How to Read Music

Accessibility Part 2 — Semantic Markup and Screen Readers

The first measures of the aria from J.S. Bach’s Goldberg Variations, followed by its braille edition. Image has been cropped and resized. Original Image License

Assistive technologies are examples of the practical application of what’s often called the “semantic web” — the judicious use of HTML to describe the meaning or purpose of web content. Recall from the last article how a blind or visually-impaired person uses assistive technology to navigate the web — websites are read aloud by a screen reader from the top of the HTML to the bottom. Lacking visual cues, the user relies instead on auditory ones gleaned from the underlying HTML.

In this article, I’ll explain how to write accessible HTML for screen readers using semantic markup. To explain these ideas, I’ll return to the video from last week— a VoiceOver session on the unoptimized website, read by the voice Moira —to explore the problems raised, how to resolve them and to show how VoiceOver performs on a site optimized for accessibility.

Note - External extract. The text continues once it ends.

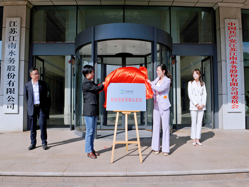 江陰市人力資源和社會保障局黨委委員、副局長居琳,江陰市總工會副主席張艷,江陰市公用事業服務中心副主任張琦受邀參加儀式。儀式由公司副總經理高立主持,公司黨委副書記、總經理池永致辭,居琳和張艷共同為江南水務職業技能等級認定站揭牌。

A VoiceOver session on the unoptimized Deezer website, read once again by Moira. Launch VoiceOver on Mac by opening Safari and pressing Cmd — F5. The shortcut Ctrl — Alt — A will begin reading the content. A guide to VoiceOver can be found here

Content Headings

When we talk about semantic markup, we tend to think immediately of new HTML5 additions like <header> or <section>. Although important, more conventional elements like buttons, links or page heading tags transmit semantic information that is arguably more useful. Screen readers like VoiceOver have a feature called the rotor, available via the shortcut Ctrl — Alt — U, that tabulates page elements like this and permits the user to jump between them.

A heading — the tags <h1> to <h6> — marks the beginning of a distinct section of the content, ranked from the most to the least important.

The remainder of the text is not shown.